The two also have long histories of service in Hallsville

Pauley
Pauley

Pauley is the former *president of the Hallsville Chamber of Commerce, a Democratic Central Committeeman for the city’s first ward, and he even directed the choir at Hallsville United Methodist Church. He has lived in city for the last 12 years, but he graduated from Columbia’s Hickman High School in 1969. Pauley also went back to college relatively recently and got his degree in political science at the UNiversity of Missouri in 2008.

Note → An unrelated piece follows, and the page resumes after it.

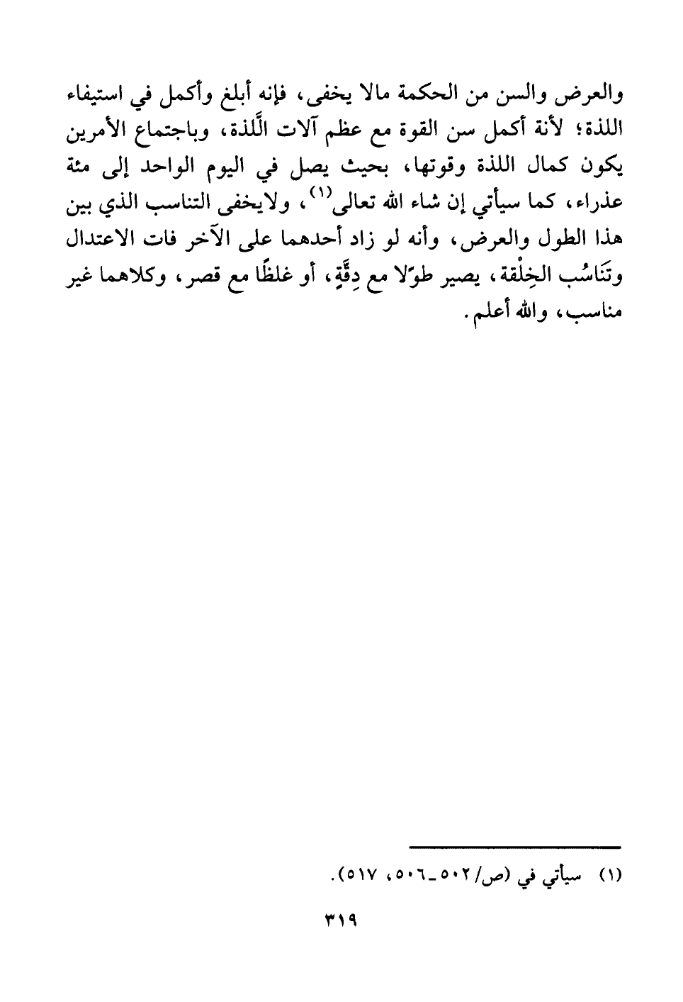 والعرض والسن من الحكمة ما لا يخفى، فإنه أبلغ وأكمل في استيفاء اللذة؛ لأنة أكمل سن القوة مع عظم آلات الَّلذة، وباجتماع الأمرين يكون كمال اللذة وقوتها، بحيث يصل في اليوم الواحد إلى مئة عذراء، كما سيأتي إن شاء اللَّه تعالى (¬١) ، ولا يخفى التناسب الذي بين هذا الطول والعرض، وأنه لو زاد أحدهما على الآخر فات الاعتدال وتَنَاسُب الخِلْقة، يصير طولًا مع دِقَّةٍ، أو غلظًا مع قصر، وكلاهما غير مناسب، واللَّه أعلم.

Reisch has over 30 years of government experience as a city clerk, court administrator and Mayor in Hallsville, and she is a sixth-generation Boone County resident. She also has two four-year certifications* from the University of Missouri and her family was one of the founding families of the state’s flagship institution in 1839.

Pauley has slightly outraised Reisch in the race thus far $15,295 to $11,016. However, Reisch has more on hand with $2,182 to $1,981.

Both are also confident that they will emerge victorious. Reisch points to Pauley’s two-to-one margin of defeat to Rowden in 2014, but given that Pauley is no longer running against an incumbent and it’s a presidential election year, the result is considered a toss up by The Missouri Times’ own House Tip Sheet.

UPDATE – Friday, Sept. 9, 7:28 p.m.: A few clarifications made at asterisked points.